Neither can do it alone. pgvector finds the right region but misses the exact connections. Apache AGE knows every connection but cannot search without a starting address. Together: vague question in, sharp answer out.

Why everything runs on PostgreSQL

A deliberate architecture choice: pgvector and Apache AGE are both PostgreSQL extensions. Your entire knowledge layer runs in a single database.

The advantages are substantial:

  • Single source of truth: no synchronization problems between separate systems
  • ACID transactions: your memory layer is as reliable as your production data
  • SQL interface: your existing team can run queries, debug, and monitor
  • Scalability: PostgreSQL scales vertically to enormous datasets, and horizontally with Citus
  • No vendor lock-in: everything is open-source, runs anywhere

Compare that to an architecture where Pinecone manages your vectors, Neo4j hosts your graph, and Redis caches your memory. Three systems, three failure risks, three invoices, three teams that need to understand it.

99.99% in practice

What does 99.99% accuracy mean concretely? On 10,000 questions, the agent gives the correct answer 9,999 times. The one time it gets it wrong, the system is honest enough to say “I don’t have a reliable answer for this.”

That last point is crucial. Most AI failures don’t come from the model not knowing something. They come from the model pretending to know something. Our architecture has a built-in uncertainty measurement. When none of the three layers produces an answer with sufficient confidence, the agent says so. Better honestly uncertain than confidently wrong.

The accuracy is achieved through redundancy:

  • Layer 1 (pgvector) catches semantically related information
  • Layer 2 (Apache AGE) adds relational context
  • Layer 3 (memory) delivers proven answer patterns

An answer confirmed by all three layers is virtually guaranteed to be correct. An answer supported by only one layer receives a lower confidence score and is presented accordingly.
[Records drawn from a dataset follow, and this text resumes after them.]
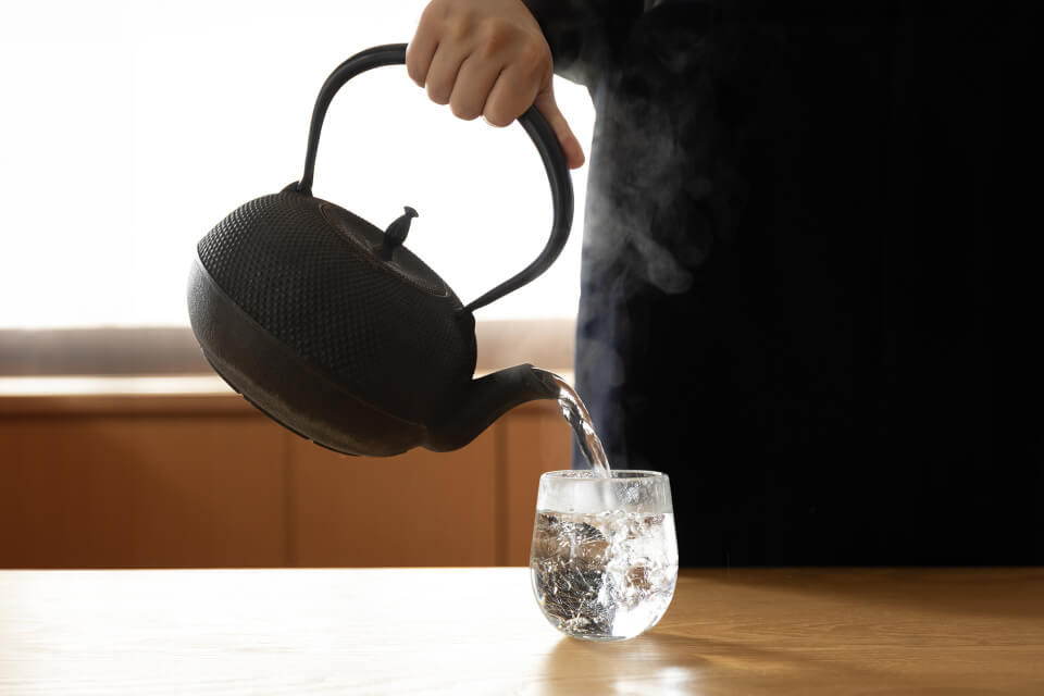 鉄瓶で沸かしたお湯は、温かさだけでなく、水の中に含まれるミネラルが鉄瓶内部に付着することで軟水化し、まろやかで美味しさも特長です。
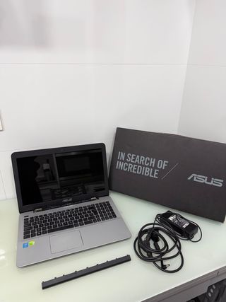 Portátil ASUS F555L en color plata y negro. Incluye cargador y batería. Tiene que estar enchufado con el cable de ahi su precio. - Pantalla de 15.6 pulgadas. - Teclado numérico integrado. - Diseño elegante y funcional.
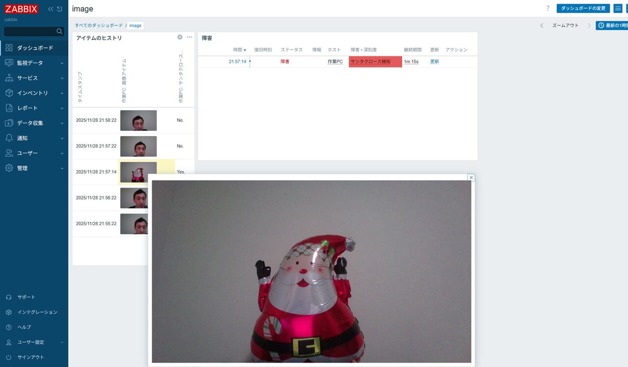 定期監視で撮影された画像がZabbix上に表示され、AI判定結果(Yes/No)が確認できます。サンタの風船を写したタイミングではAIが「YES」と回答し、トリガーが検知しました
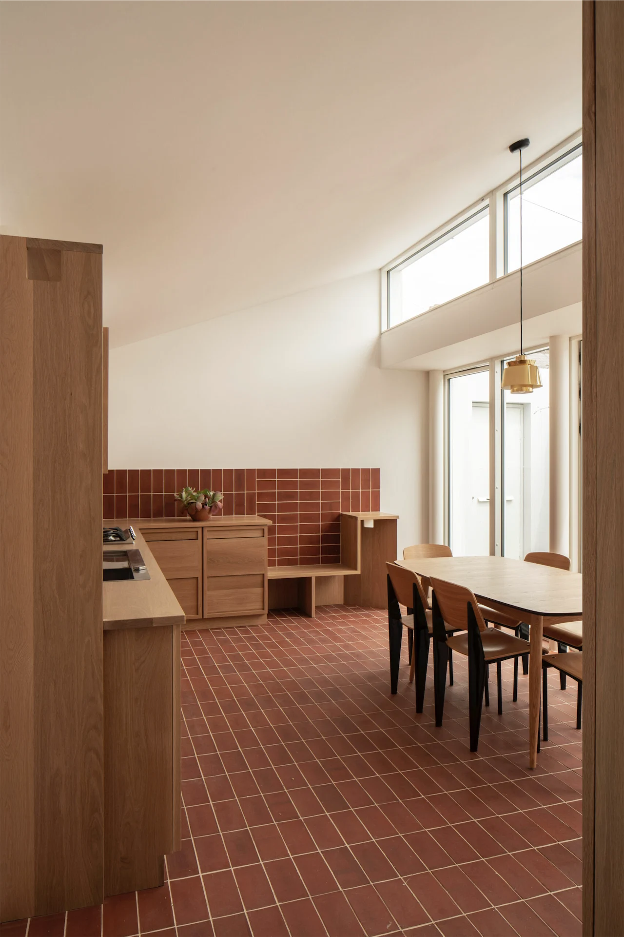 One of the most notable features of the finished space is the simple yet striking palette of materials – brick tiles and oak joinery. This, Jack explains, was inspired by the home’s location.
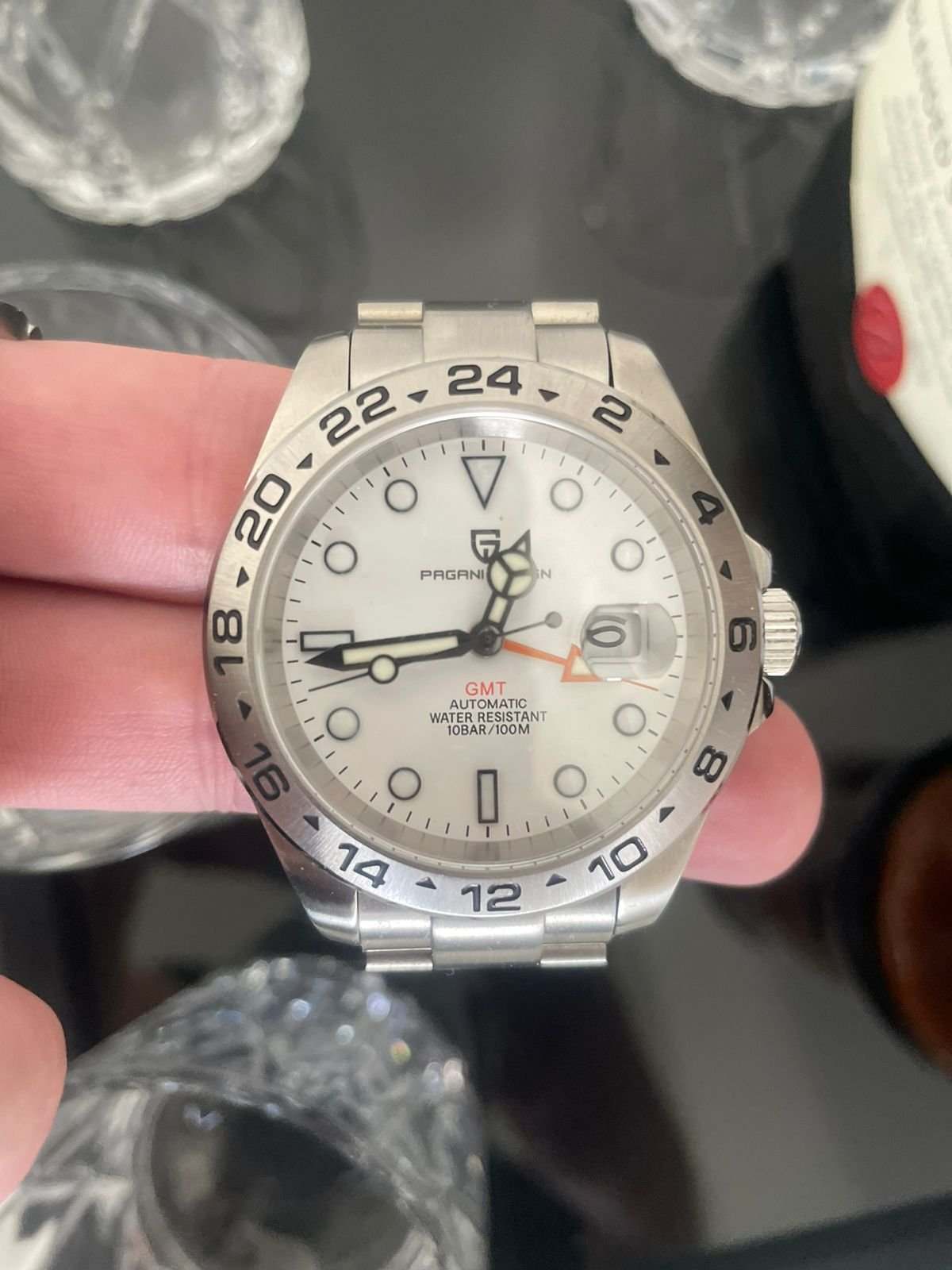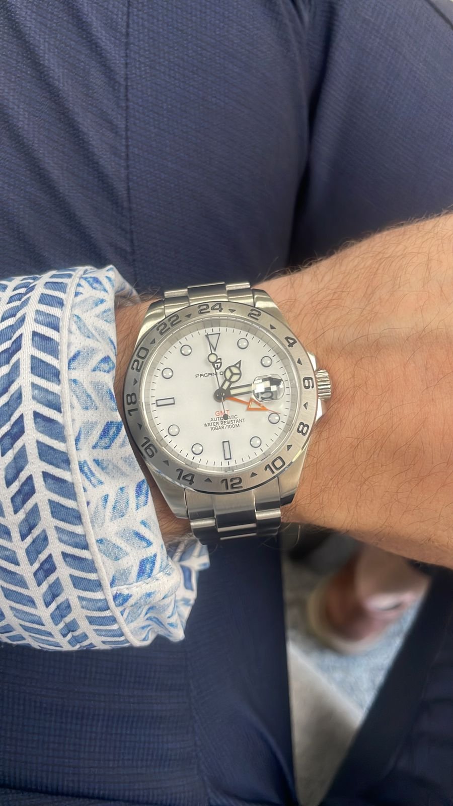 Equipado com movimento mecânico automático e corda manual, o relógio funciona sem bateria, sendo alimentado pelo movimento do seu pulso ou pelo ajuste manual da coroa. A função GMT permite acompanhar múltiplos fusos horários, ideal para viajantes, empresários e quem se conecta com o mundo inteiro.
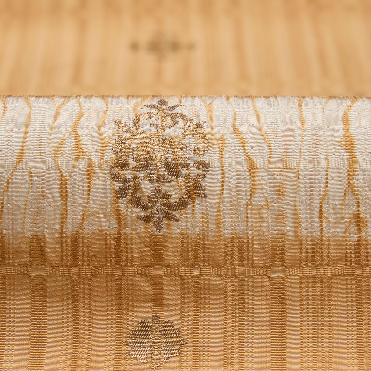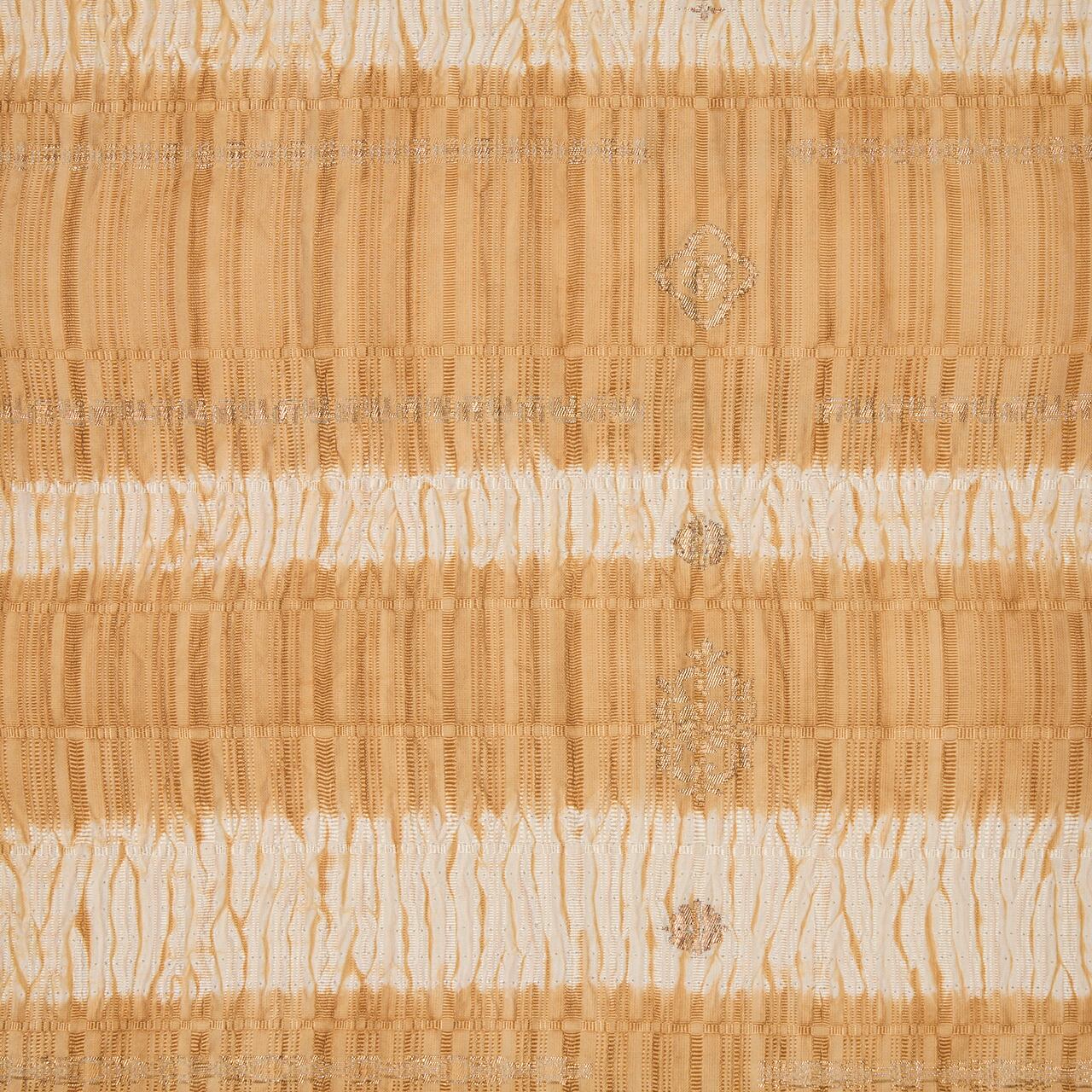縦に長い形に織り出された吉野格子の地模様に、横縞のように金箔の糸が織り込まれ、半分より右寄りの位置に大小のお花のような形が金襴のように織り出された帯地が、淡い黄色味のあるオレンジ・淡香色地に染められ、段変わりに幅を変えながら縫い絞りで白く染め抜かれた、大変手の込んだお洒落な袋帯です。
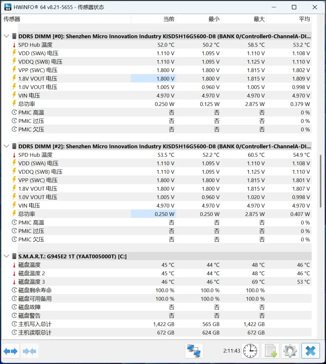 在经历长时间的烤机和测试后,2条内存最高温度只有60度,标配硬盘的最高温度则是74度,算是比较冷静的表现。
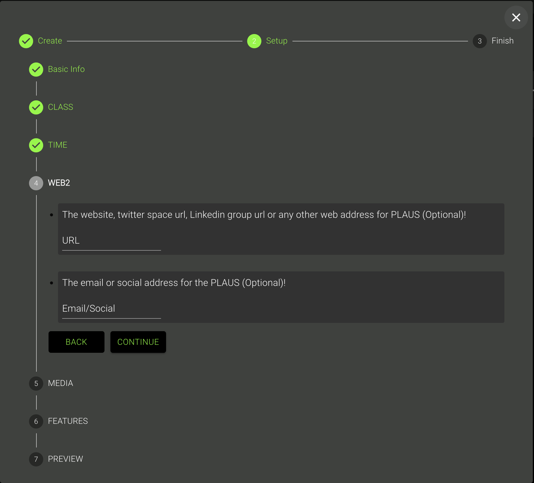 * ***URL:*** The website, twitter space url, Linkedin group url or any other web address that may optionally be attached to the PLAUS (Optional)
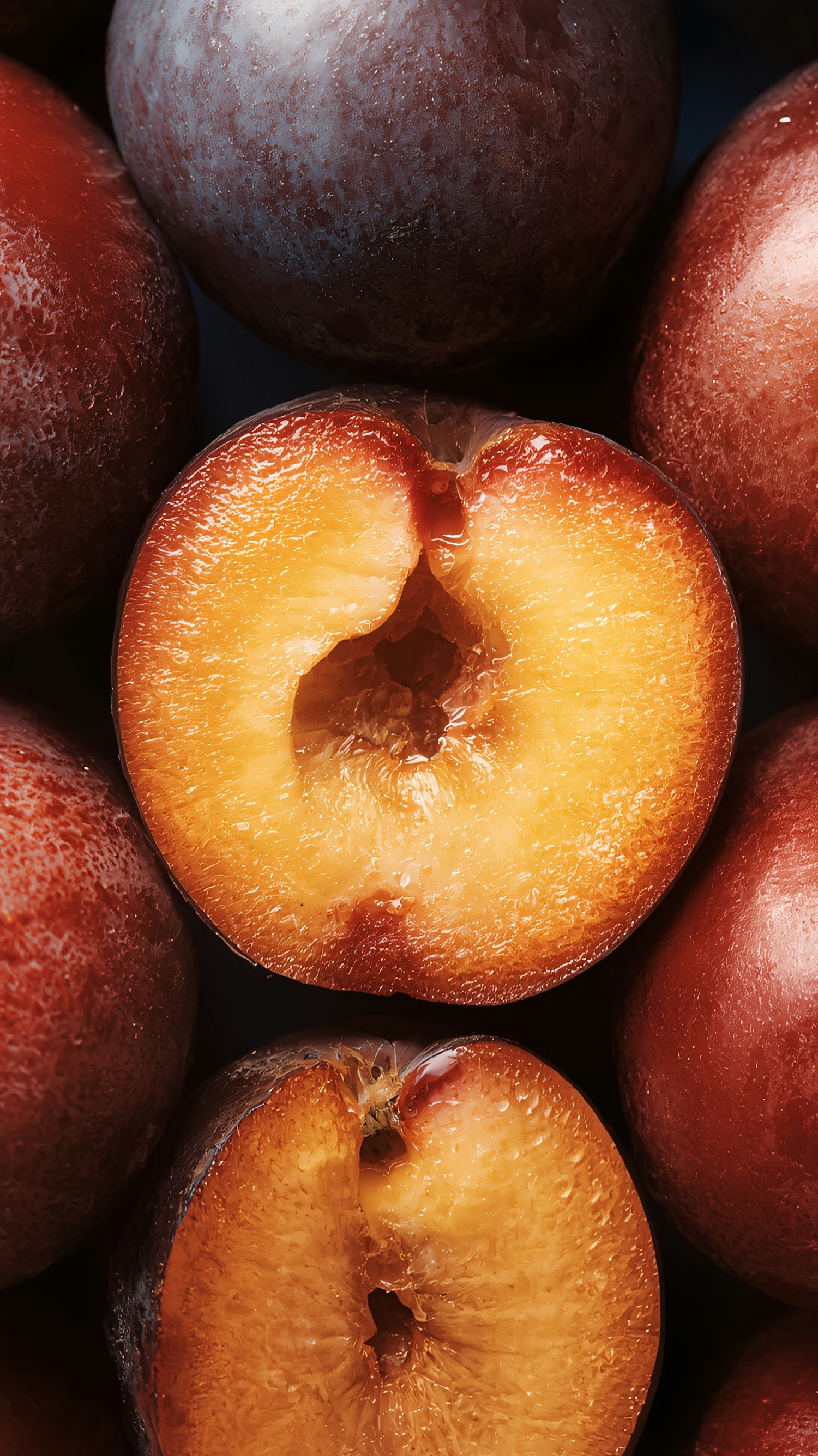 Close-up of ripe plums, one halved to reveal juicy golden flesh, surrounded by deep red and purple plums with a natural sheen.
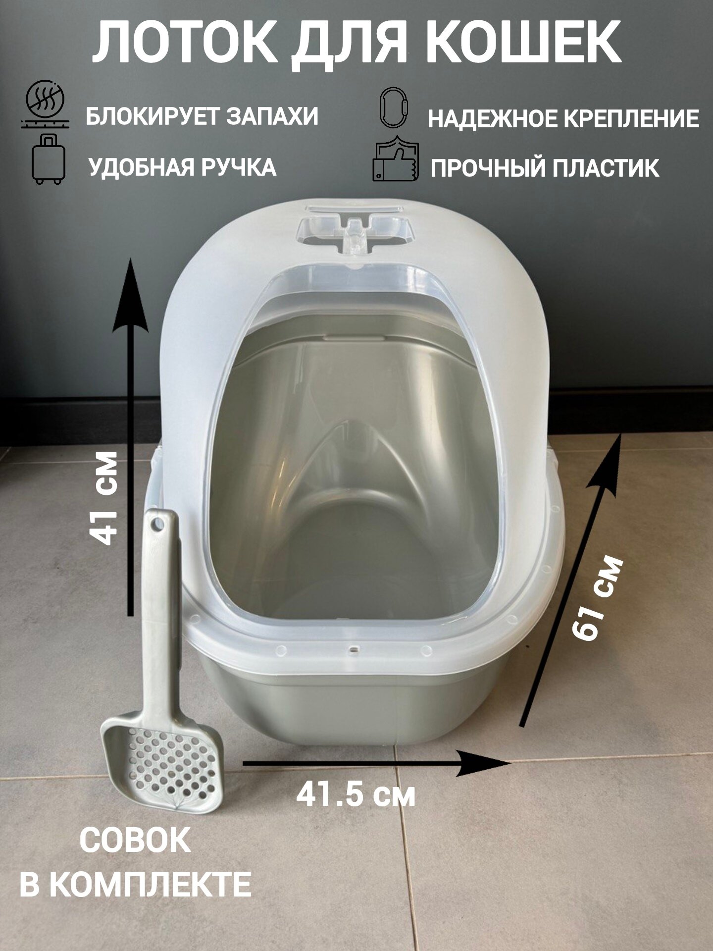 Отзывы на Закрытый лоток (туалет) для кошек "Чистый котик", 61x41.5x41 см, на защелках, совок, ручка, без двери, серый

Vague questions, sharp answers

Back to the question we started with: “what went wrong with that project with the difficult client?”

In our architecture, the following happens:

  1. pgvector finds documents that semantically relate to project problems, delays, and client feedback. From the top results, the application layer extracts concrete entities: a client name, project numbers, involved employees.
  2. Apache AGE takes those entities as starting points and traverses the relationship network. All connected project phases, delays, scope changes, and retrospectives are retrieved — not via vague search terms, but via exact graph relationships.
  3. Memory recognizes that this user previously asked similar questions about the same project and knows which context was relevant then.

The result: a concrete, documented answer with source references. Not a generic story about “common project risks.”

Implementation: weeks, not months

The beauty of this stack is that it does not need to be a greenfield project. Most companies already run PostgreSQL. pgvector and Apache AGE are extensions you install, not migrations you execute.

Implementation follows three phases:

  1. Week 1-2: Data audit and embedding pipeline setup. Existing documents, notes, and knowledge base articles are indexed in pgvector.
  2. Week 3-4: Graph model built in Apache AGE. Entities and relationships from your existing systems are modeled.
  3. Week 5-6: Memory layer activated and agent fine-tuned to your specific domain. Multiple filters calibrated based on test results.

After six weeks, you have an AI agent that searches your internal knowledge base with accuracy that surpasses manual searching. And it keeps getting better as more people use it.

Conclusion

The race for AI agents is not a race for the best language model. It is a race for the best retrieval architecture. The model generating your answers is only as good as the information it receives.

A three-layer system with pgvector for semantic search, Apache AGE for relational context, and persistent memory with multiple filters delivers the accuracy that business-critical applications require. Not 90%. Not 95%. But 99.99%.

And it all runs on PostgreSQL. Open-source, proven, scalable. No exotic infrastructure, no vendor lock-in, no surprises on the invoice.